▸ Your goal
Word for word and without images, transcribe all of the records.

Dataset items:
------------------------------------------------------------------------
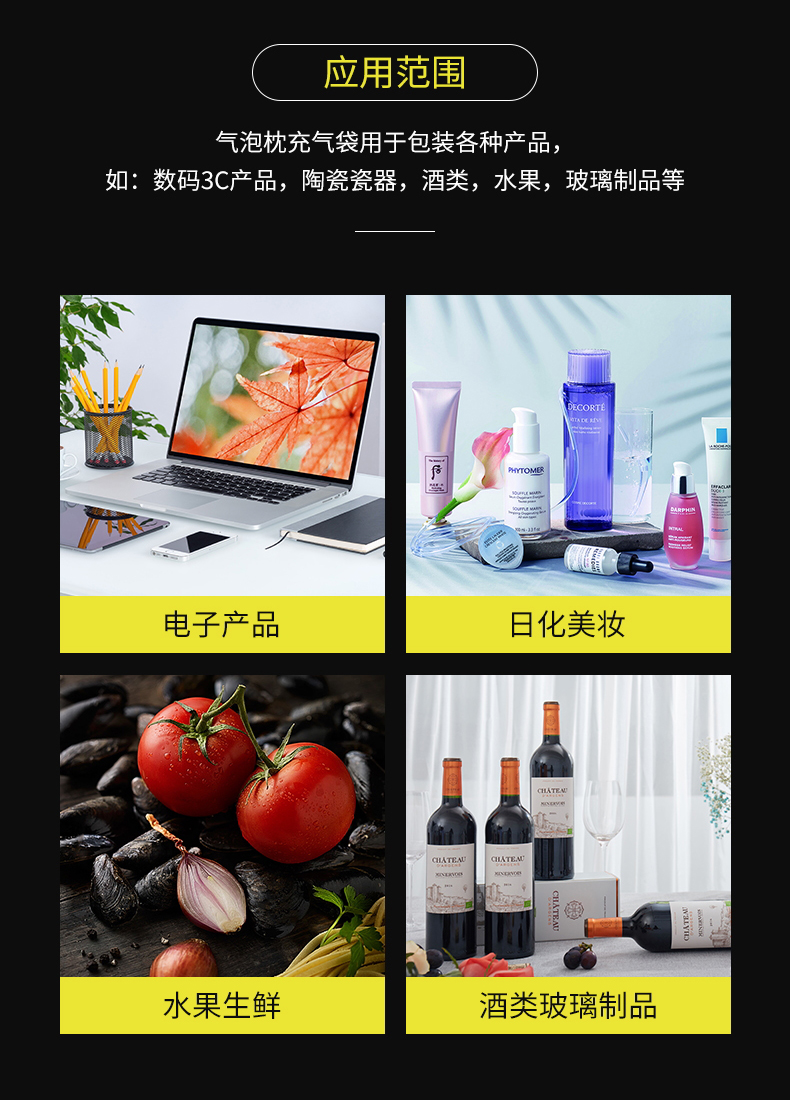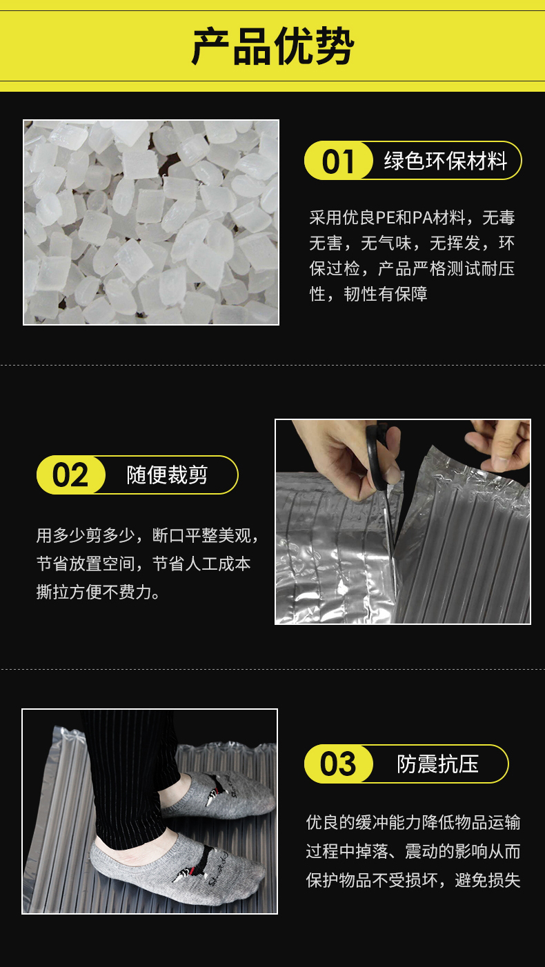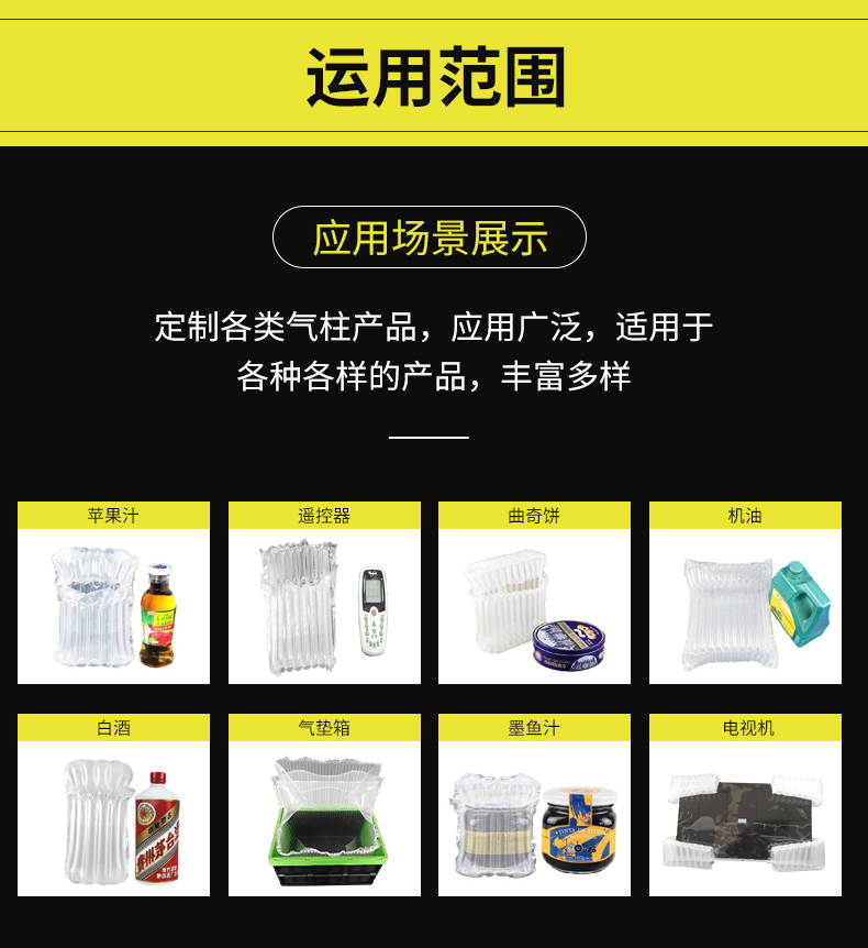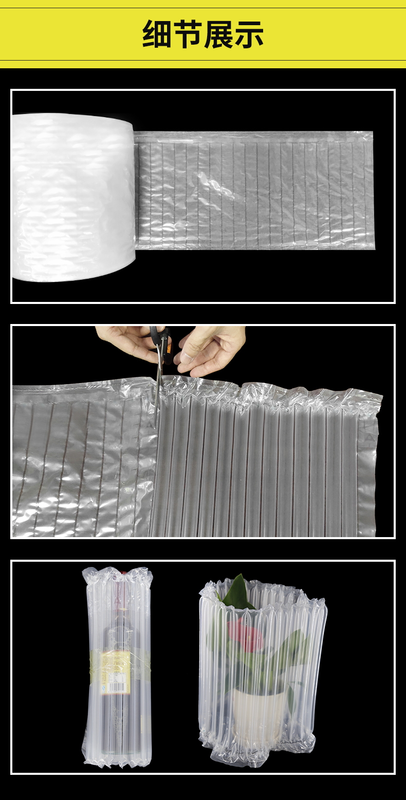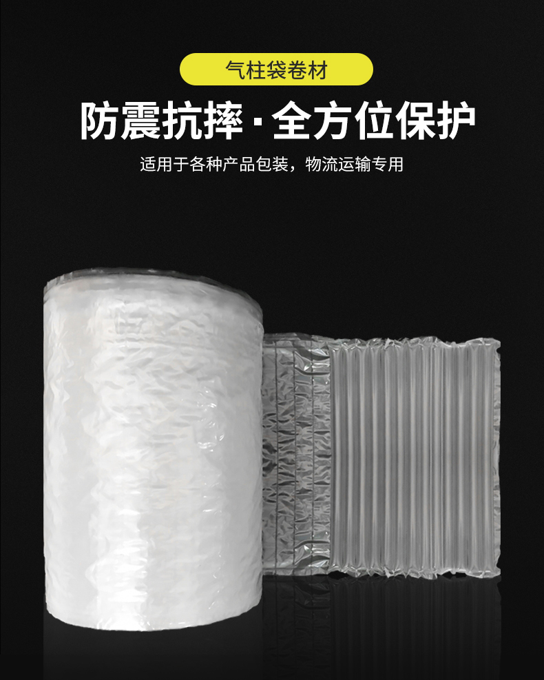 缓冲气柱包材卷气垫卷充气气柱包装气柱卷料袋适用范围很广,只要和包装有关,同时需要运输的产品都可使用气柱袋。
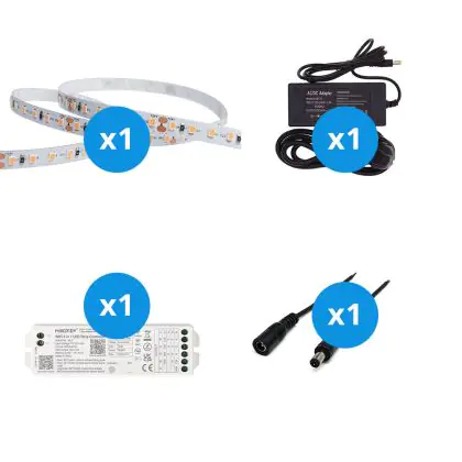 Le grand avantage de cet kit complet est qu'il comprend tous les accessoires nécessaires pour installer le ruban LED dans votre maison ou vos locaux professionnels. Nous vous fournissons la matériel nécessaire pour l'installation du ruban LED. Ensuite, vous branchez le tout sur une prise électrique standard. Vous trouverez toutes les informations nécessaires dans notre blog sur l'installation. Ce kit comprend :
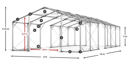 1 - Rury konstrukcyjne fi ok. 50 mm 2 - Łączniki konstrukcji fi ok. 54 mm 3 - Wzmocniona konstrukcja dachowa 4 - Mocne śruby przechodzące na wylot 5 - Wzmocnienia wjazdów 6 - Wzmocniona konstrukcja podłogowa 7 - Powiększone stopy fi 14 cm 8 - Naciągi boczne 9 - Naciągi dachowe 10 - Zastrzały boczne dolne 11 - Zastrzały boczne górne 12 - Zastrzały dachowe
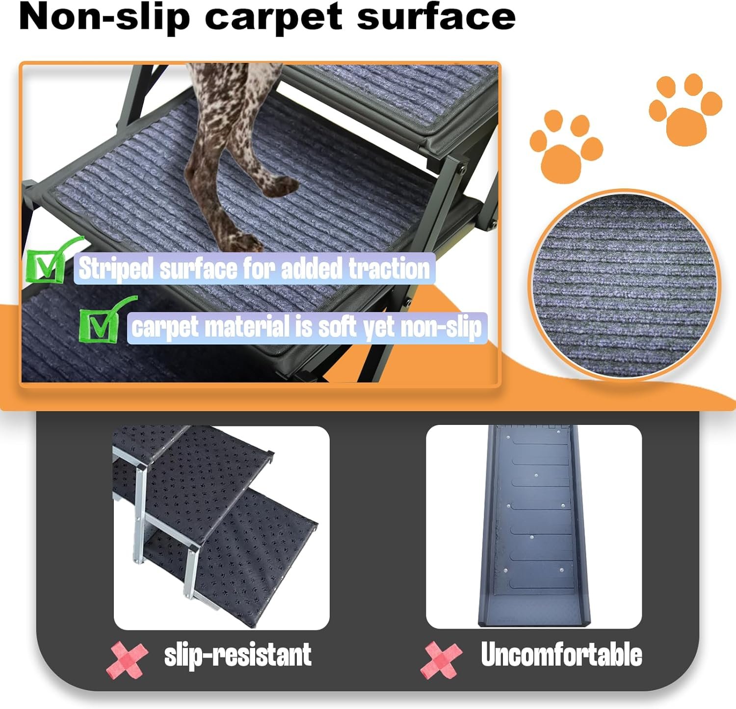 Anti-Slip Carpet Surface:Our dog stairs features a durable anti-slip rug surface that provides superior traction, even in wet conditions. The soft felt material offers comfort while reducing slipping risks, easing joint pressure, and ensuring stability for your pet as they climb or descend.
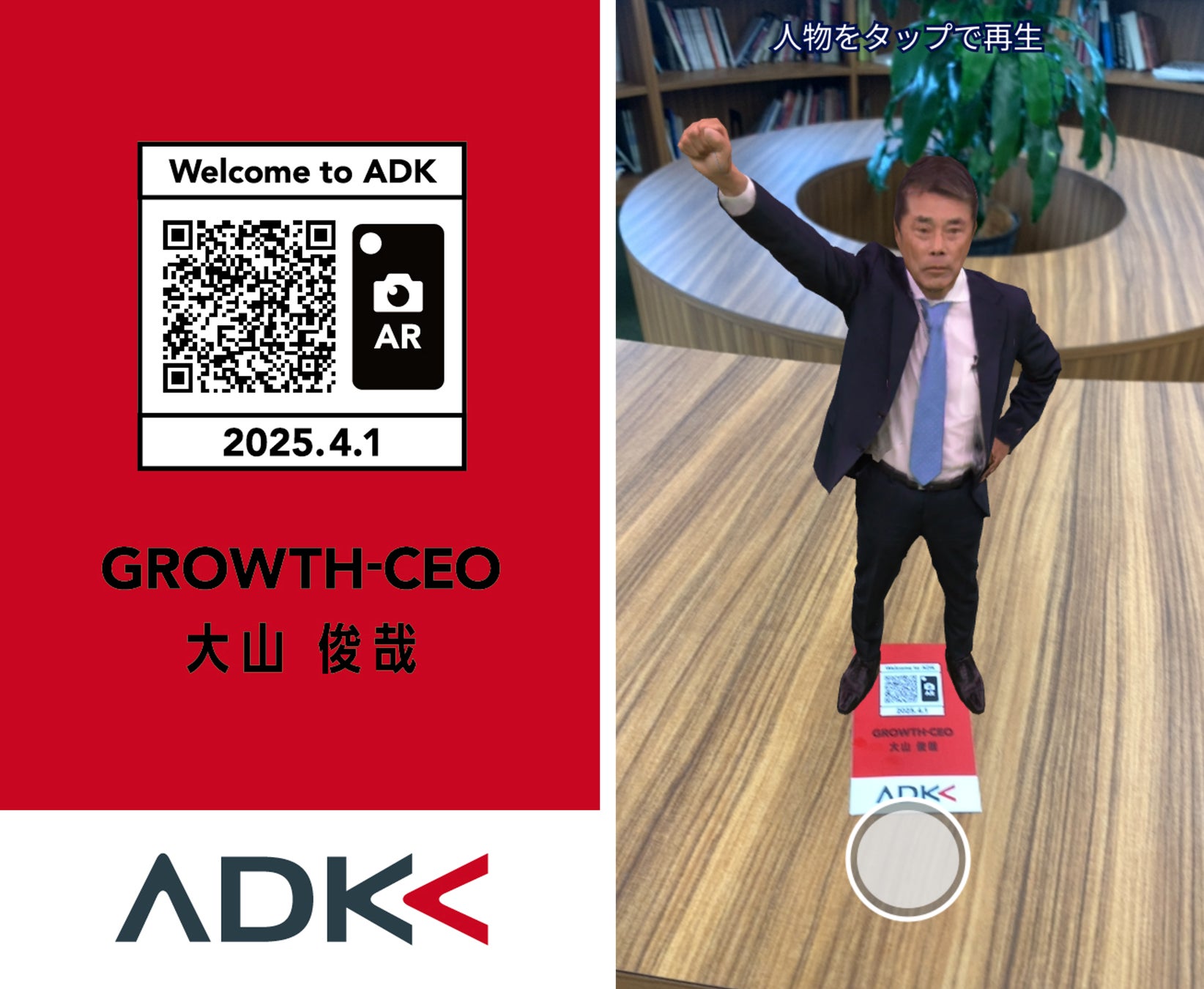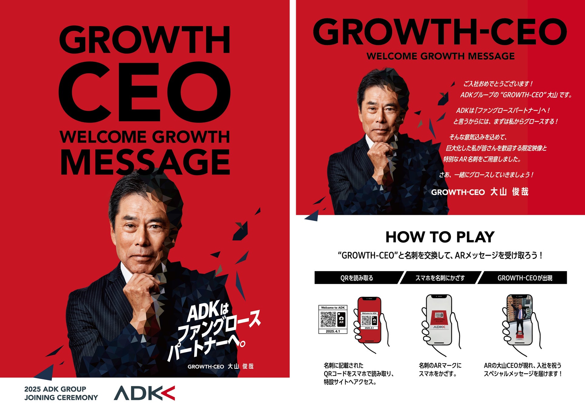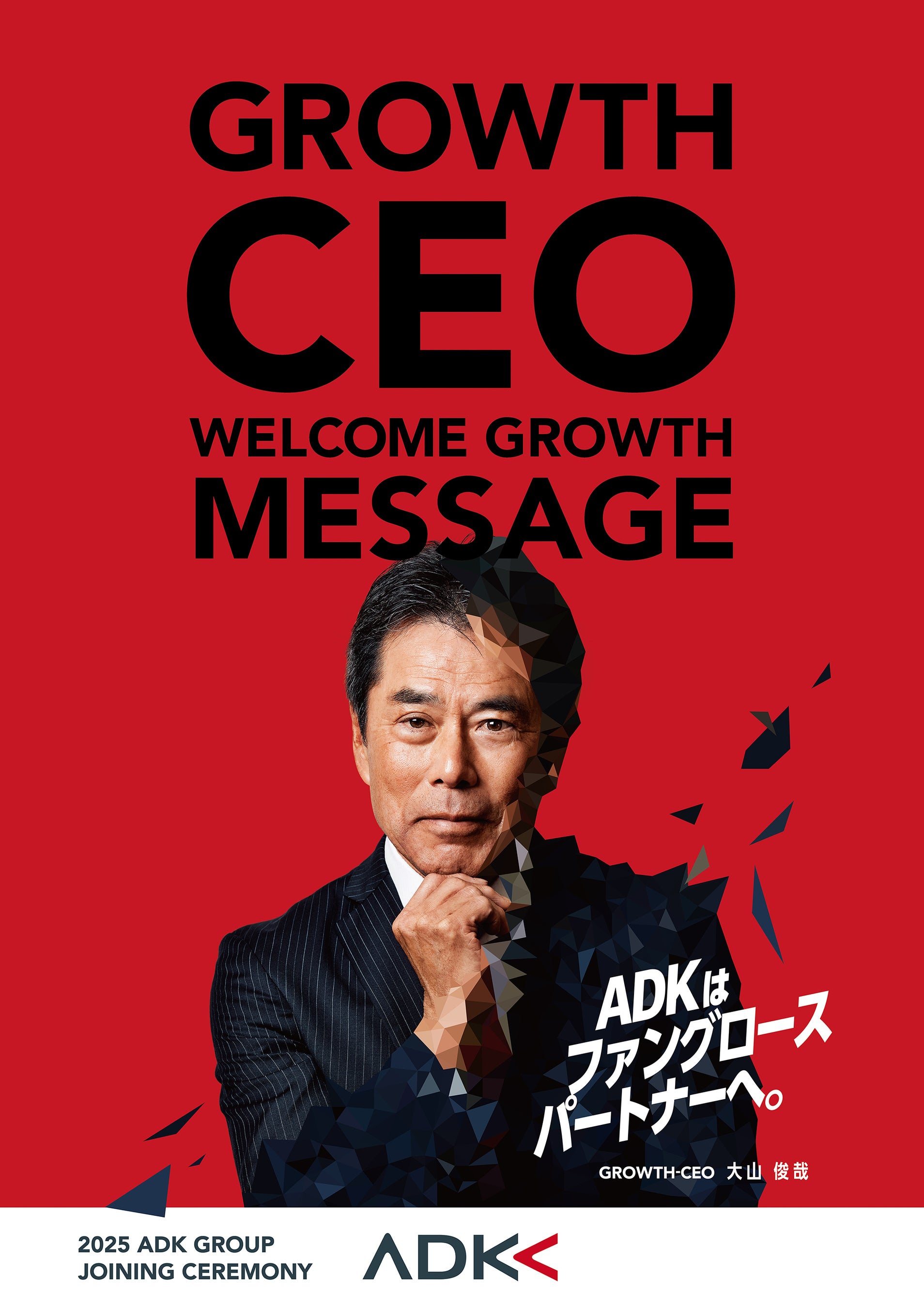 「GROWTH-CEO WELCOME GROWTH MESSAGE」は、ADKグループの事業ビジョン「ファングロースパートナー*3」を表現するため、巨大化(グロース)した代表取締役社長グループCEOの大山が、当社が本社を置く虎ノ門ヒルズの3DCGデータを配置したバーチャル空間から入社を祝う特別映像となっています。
------------------------------------------------------------------------
▸ Answer to this task
 缓冲气柱包材卷气垫卷充气气柱包装气柱卷料袋适用范围很广,只要和包装有关,同时需要运输的产品都可使用气柱袋。
 Le grand avantage de cet kit complet est qu'il comprend tous les accessoires nécessaires pour installer le ruban LED dans votre maison ou vos locaux professionnels. Nous vous fournissons la matériel nécessaire pour l'installation du ruban LED. Ensuite, vous branchez le tout sur une prise électrique standard. Vous trouverez toutes les informations nécessaires dans notre blog sur l'installation. Ce kit comprend :
 1 - Rury konstrukcyjne fi ok. 50 mm 2 - Łączniki konstrukcji fi ok. 54 mm 3 - Wzmocniona konstrukcja dachowa 4 - Mocne śruby przechodzące na wylot 5 - Wzmocnienia wjazdów 6 - Wzmocniona konstrukcja podłogowa 7 - Powiększone stopy fi 14 cm 8 - Naciągi boczne 9 - Naciągi dachowe 10 - Zastrzały boczne dolne 11 - Zastrzały boczne górne 12 - Zastrzały dachowe
 Anti-Slip Carpet Surface:Our dog stairs features a durable anti-slip rug surface that provides superior traction, even in wet conditions. The soft felt material offers comfort while reducing slipping risks, easing joint pressure, and ensuring stability for your pet as they climb or descend.
 「GROWTH-CEO WELCOME GROWTH MESSAGE」は、ADKグループの事業ビジョン「ファングロースパートナー*3」を表現するため、巨大化(グロース)した代表取締役社長グループCEOの大山が、当社が本社を置く虎ノ門ヒルズの3DCGデータを配置したバーチャル空間から入社を祝う特別映像となっています。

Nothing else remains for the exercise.